• _What the task requires_: An exact reproduction is required of the lines from the beginning of the entries through the line with "Across from the", pictures excluded and nothing added.

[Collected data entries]
━━━━━━━━

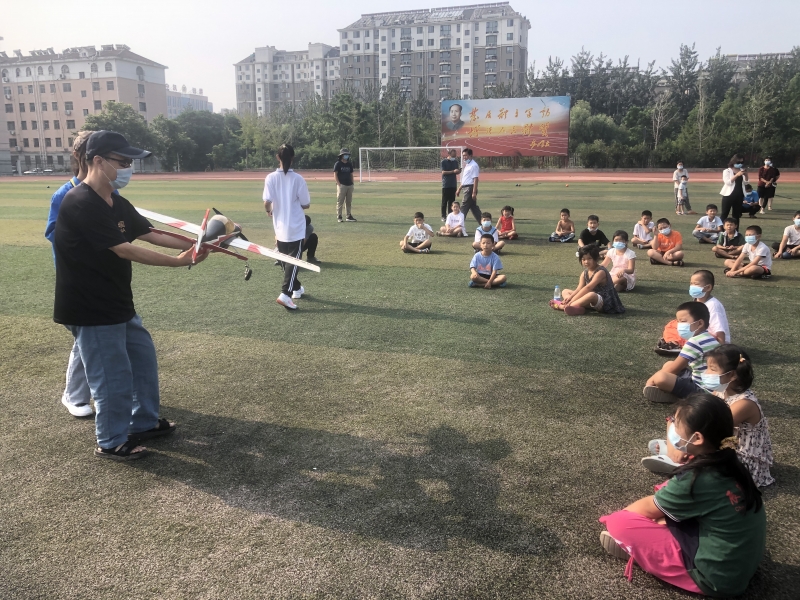 孩子們在操場上起了航模課
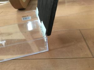まず、板を透明プラケースよりちょっと長いくらいのながさ(1.5~2 cm)に切ります。
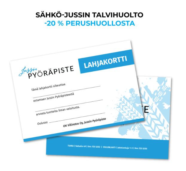 Lahjakortti ei ole käytettävissä perinteisten pyörien huoltoon. Lisätietoa Sähkö-Jussin talvihuollosta löydät täältä .
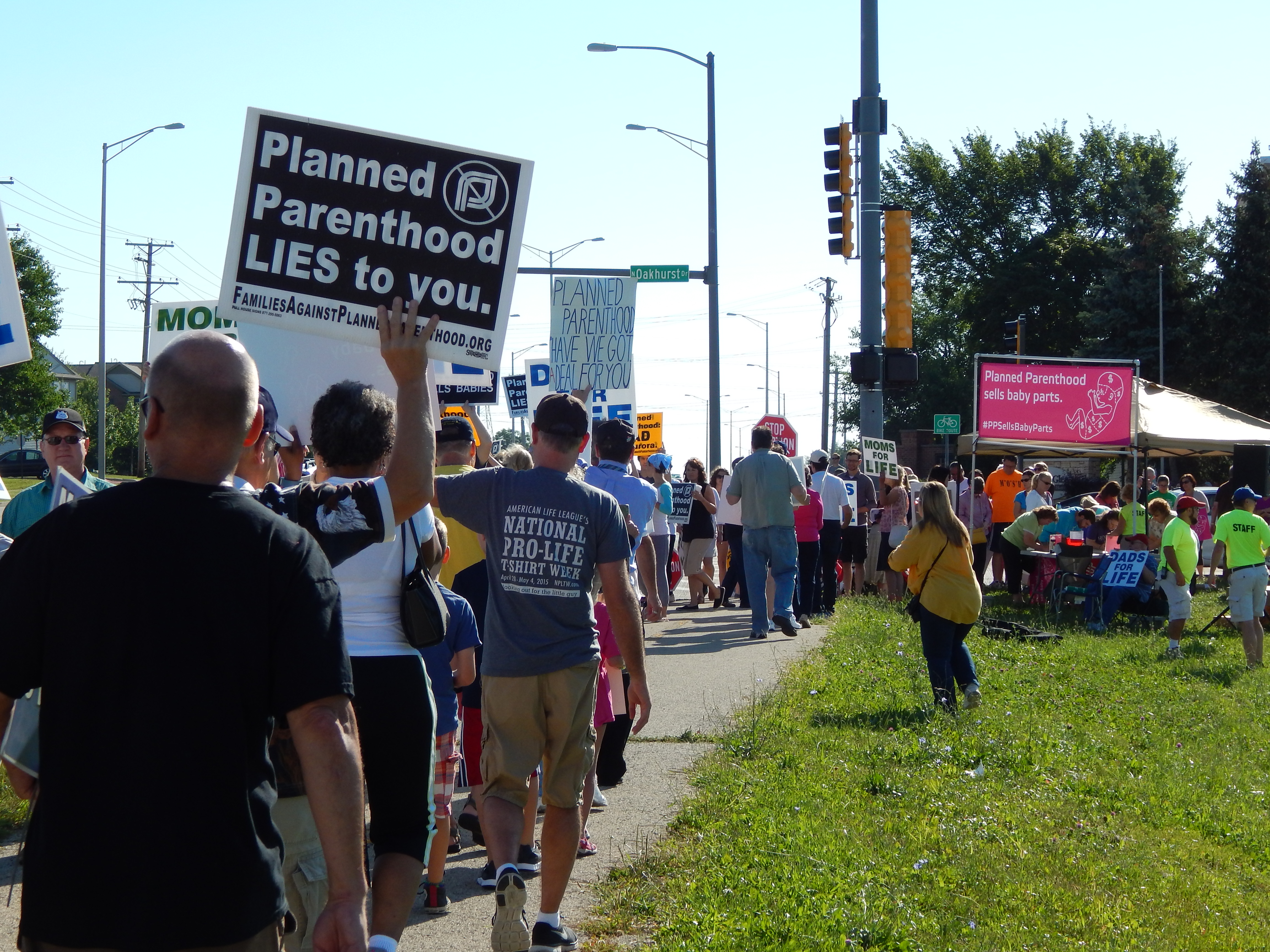 Across from the hedged Planned Parenthood compound protestors were praying and reading Scripture. As protestors walked the sidewalk along E. New York St., many were repeating the Rosary.
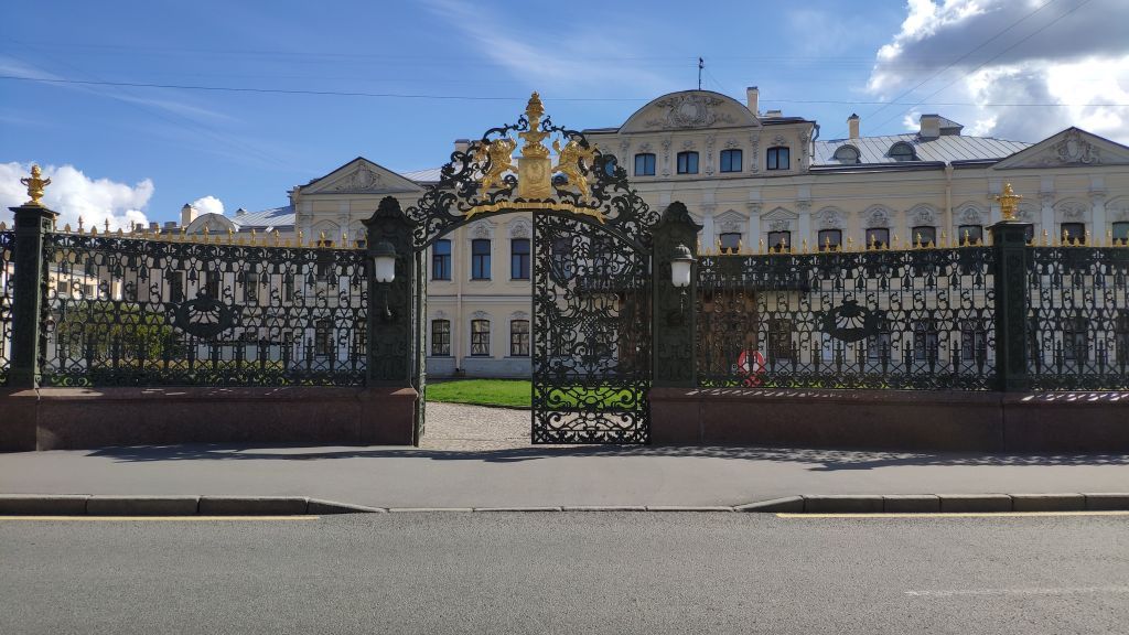 Объемно-пространственное решение и конструктивная система:чугунная ограда со стороны наб. реки Фонтанки, с вогнутыми секциями, прилегающими к воротам;воротный проезд с двустворными воротами. Архитектурно-художественное решение:гранитный цоколь;звенья чугунной ограды с декоративными элементами в стиле барокко (рокайли, волюты, детали растительного характера) и пилоны ограды выполнены в технике художественного литья, с навершием в виде золоченых пик, пальметт и вазонов;ворота:пилоны ворот выполнены в технике художественного литья;контрфорсы пилонов сложной конфигурации с восточной стороны ограды, створки ворот выполнены в технике художественного литья;картуш сложной конфигурации с золоченой геральдической композицией в центре (герб Шереметевых);два фонаря пилонов со стороны наб. реки Фонтанки.
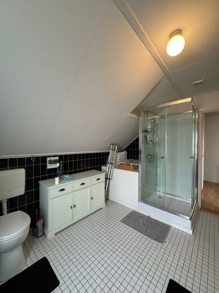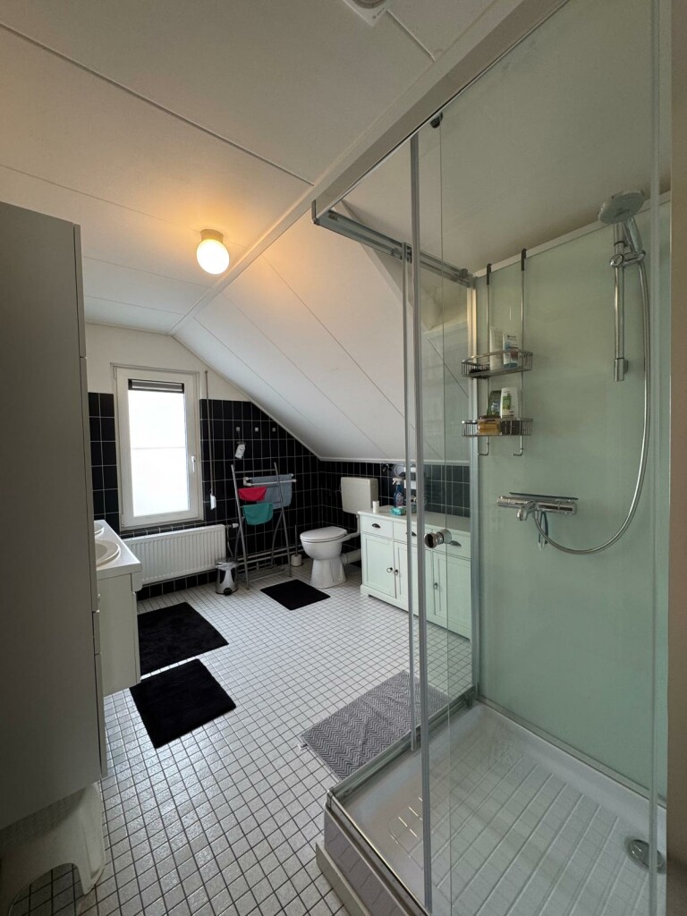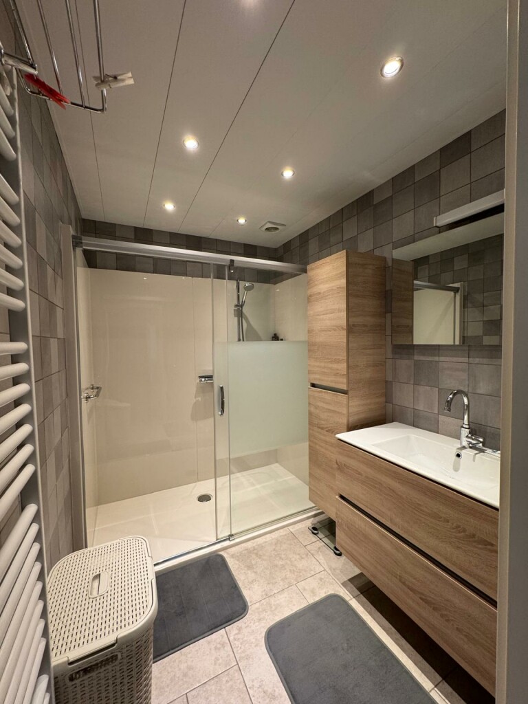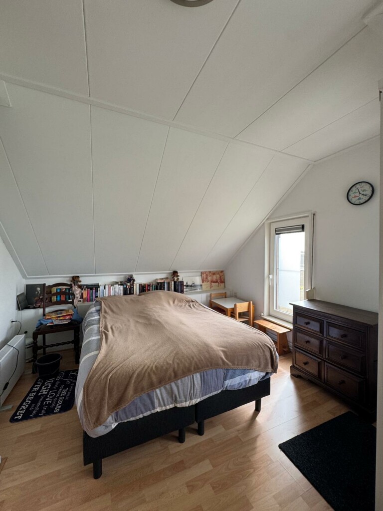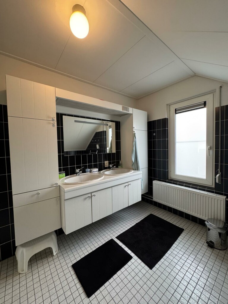 Ruime overloop met vide, 2 slaapkamers waarvan 1 slaapkamer met overdekt balkon op het zuiden, badkamer met douche cabine, toilet en wastafelmeubel met 2 wastafels, berging onder het dak (knieschotten) en c.v. ketel kamer met Intergas combi HR-ECO van 2016 en met omvormer voor de 10 zonnepanelen (2019) .
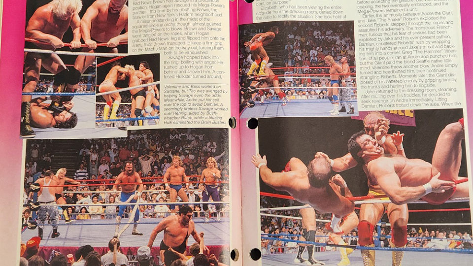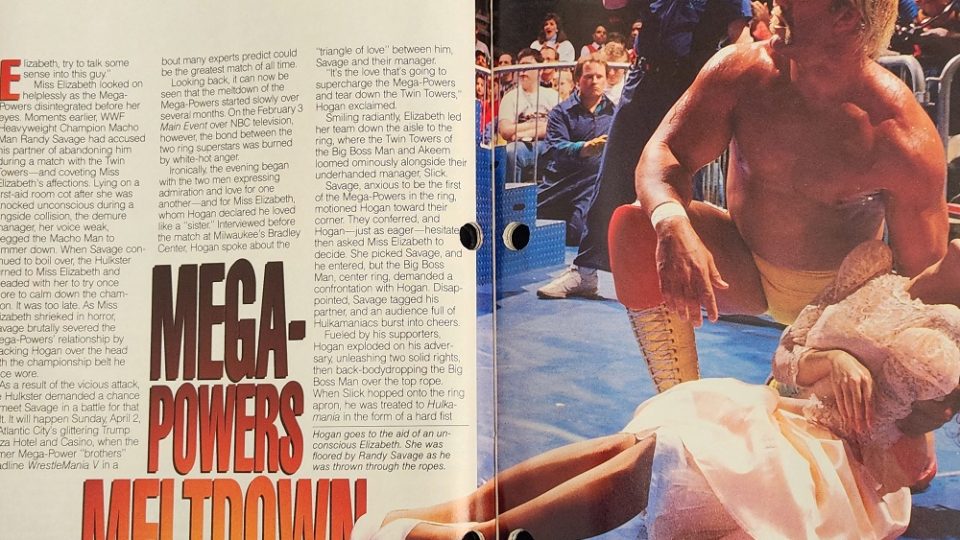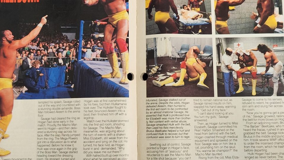 The article, it should be noted, includes some large photos of match but has to keep the images of the backstage drama small because the magazine had no photographers back there and relies on paused images from the analogue television feed for Savage’s attack. Hogan has since challenged Savage to a title match at WrestleMania, and Savage has accepted.
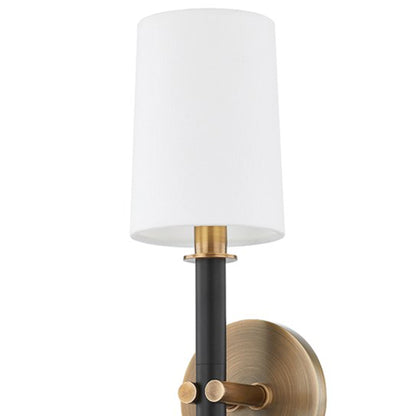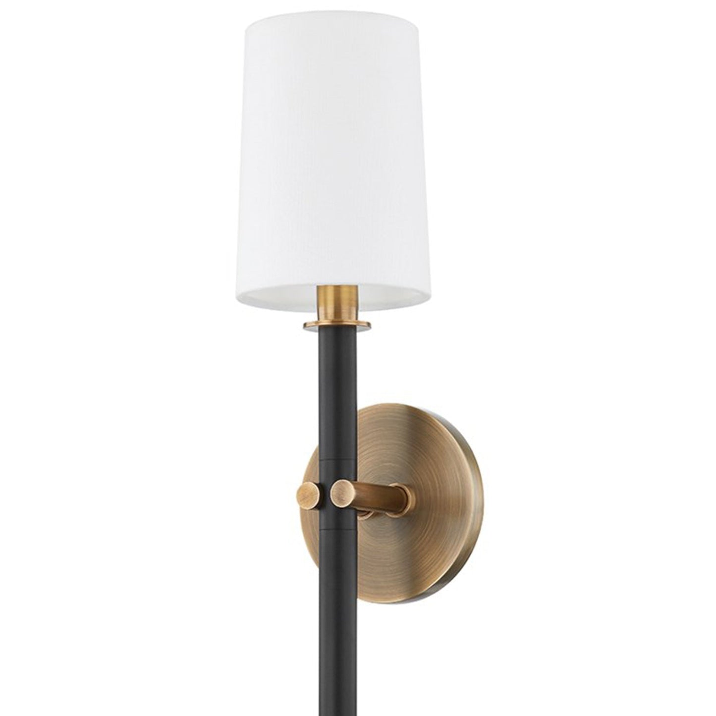 Simplicity drives the design narrative of a tasteful light source with a blend of Mid-Century Modern and Art Deco influence. The Belvedere Wall Light from Troy Lighting keeps it basic yet stylish with a candlestick frame fashioned of textured black finish metal clutched by ornate pegs protruding from a lush patina brass wall plate. Add a slender white shade and watch the versatility open up creative options for coordinating with casual design schemes.
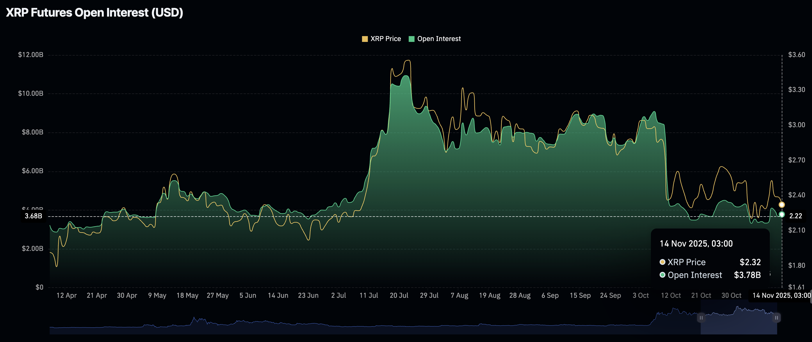 Mientras tanto, la demanda minorista de XRP no se ha recuperado desde mediados de octubre, caracterizada por un mercado de derivados débil. Los datos de CoinGlass muestran que el interés abierto de futuros (OI) promedia 3.78 mil millones de dólares el viernes, ligeramente por encima de los 3.67 del día anterior, pero por debajo de los 4.17 mil millones registrados el 1 de noviembre.
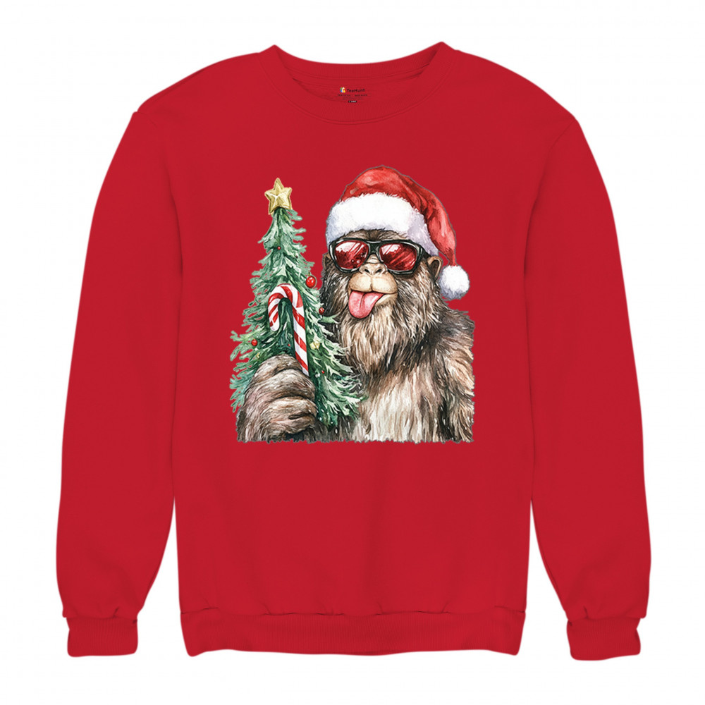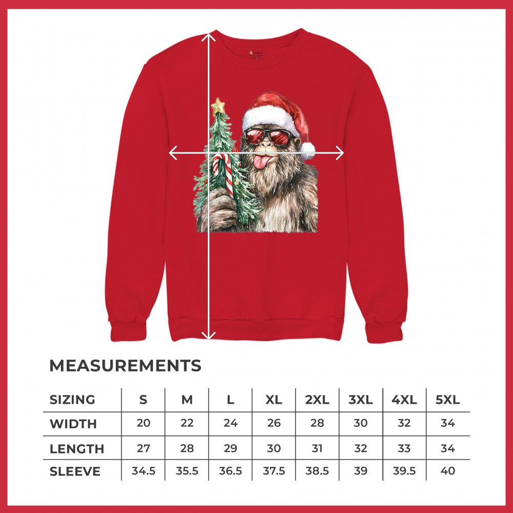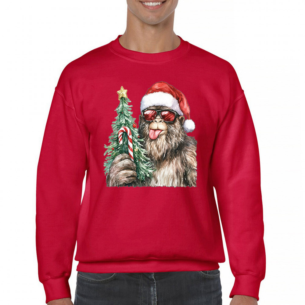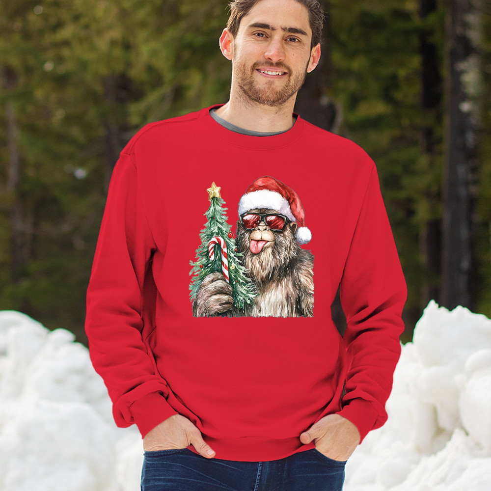 Bigfoot Christmas Santa shirt – festive Sasquatch holiday humor tee with Santa hat design, Xmas tree, candy cane, and funny Christmas style.
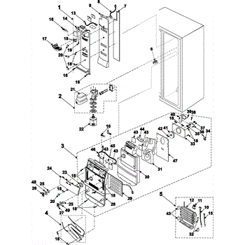 This refrigerator evaporator assembly includes two DA60-00040A spacers, two DA60-00041A spacers, one DA32-10105R sensor, one DA47-00095E sensor, mounting clip DA61-00453A and the defrost heater. Defrost heater not available separate.
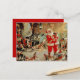 Uma ilustração elegante de Papai Noel, seus elfos e suas renas na oficina.
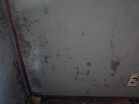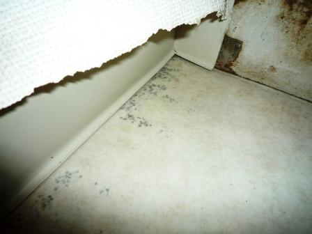 ■“コンクリート下地”と“結露”によるカビB 大きな家具を移動させると家具にはカビが!しかも壁はコンクリートに直接壁紙を貼り付けているので、断熱などはありません!断熱が無いから寒く“結露”も酷い。
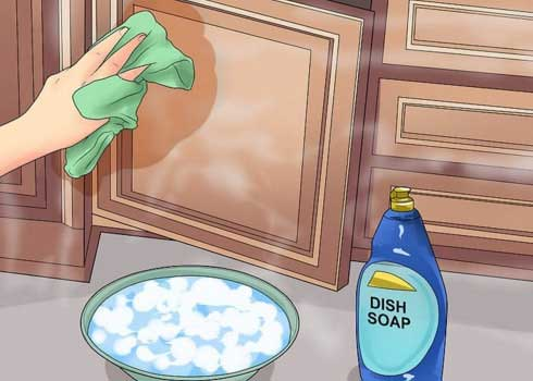 To break down grease and everyday buildup, mix two parts warm water with one part liquid dish soap. Use a soft sponge or cloth to gently wipe down cabinet surfaces, being careful not to oversaturate the wood or finish. Once clean, wipe everything again with a damp cloth to remove soap residue.

━━━━━━━━

• _Exercise result_:
 孩子們在操場上起了航模課
まず、板を透明プラケースよりちょっと長いくらいのながさ(1.5~2 cm)に切ります。
 Lahjakortti ei ole käytettävissä perinteisten pyörien huoltoon. Lisätietoa Sähkö-Jussin talvihuollosta löydät täältä .
 Across from the hedged Planned Parenthood compound protestors were praying and reading Scripture. As protestors walked the sidewalk along E. New York St., many were repeating the Rosary.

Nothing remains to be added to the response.